Chronic phase has some other
- Irregular pulse (some of the impulses from the atria reach the ventricle, throwing it out of sinus rhythm). The force of contraction will also be irregular
- deterioration with exercise
- absent 'a' waves in JVP
- insensitivity to carotid massage
- thromboembolic events - CVA and PE. This will probably become more obvious as the patient might die.
In chronic AF, you can just take an ECG but in other forms, you may needs a 24h ECG (aka 24h tape).
- No P waves
- irregular QRS complexes (though they are sometimes normal)
- transient flutter waves in V1
- Echocardiography - size of left atrium, left ventricular function, may require transoesophageal echo for assessment of thrombus formation.
The aim of management should be a return to sinus rhythm. This may not always be possible - control of ventricular rate and thromboembolism prevention are what you aim for in lieu of this.

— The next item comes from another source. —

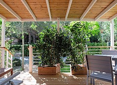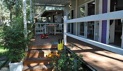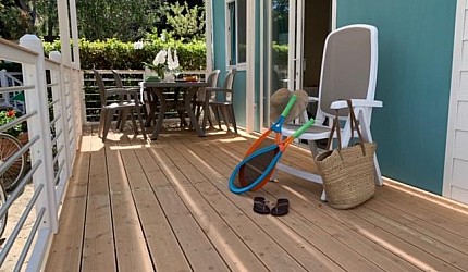 Dotate di ogni comfort: armadi, bagno con doccia, lavabo e WC. Camera con tre letti per i vostri bambini e camera matrimoniale. Soggiorno con angolo cottura adiacente alla veranda in legno esterna, luogo ideale per pranzare, cenare e rilassarsi.

Avoid alcohol and caffeine. Correct underlying pathologies - usually electrolyte disturbance or hypoxia.
Cardioversion and pacing are explained above. Others are:
- Surgery - using strips of myocardium: creating connections between the SAN and the AVN (corridor procedure) or channeling depolariation across the atria (maze procedure).
- Percuatneous radiofrequency ablation - stick a catheter up the femoral vein to the heart with radiological guidance. Do tests and ablate some stuff to stop the AF.
- Acute onset - this is only an issue if haemodynamicaly unstable. You do: emergency cardioversion if it's life-threatening; hasty cardioversion if not life-threatening - with IV amiodarone (a class III antiarrhythmic) if there's a delay.
- Paroxysmal - treatment only required if symptomatic. Use beta-blockers 1st-line; class Ic antiarrhythmics second-line (e.g. flecanide); sotalol (class III) with CAD where beta-blocker fails; amiodarone in poor left ventricular function where beta-blockers fail.
- Rate-control strategy- digoxin + rate-limiting calcium-channel blocker/beta blocker. If this fails, consider pacemaker + ablation. Patient should be: <65 years old; symptomatic; presenting for the 1st time; lone AF; or congestive heart failure.
- Rhythm-control strategy - chemical cardioversion (amiodarone), beta-blocker if necessary. 2nd-line: class Ic (e.g. flecanide) or sotalol (class III), amiodarone in structural heart disease. Patietns should be: >65 years old; coronary heart disease; contraindications to antiarrhythmics or cardioversion; no congestive heart failure.
Use warfarin - it reduces the incidence of stroke by 70%. If you can't, use aspirin.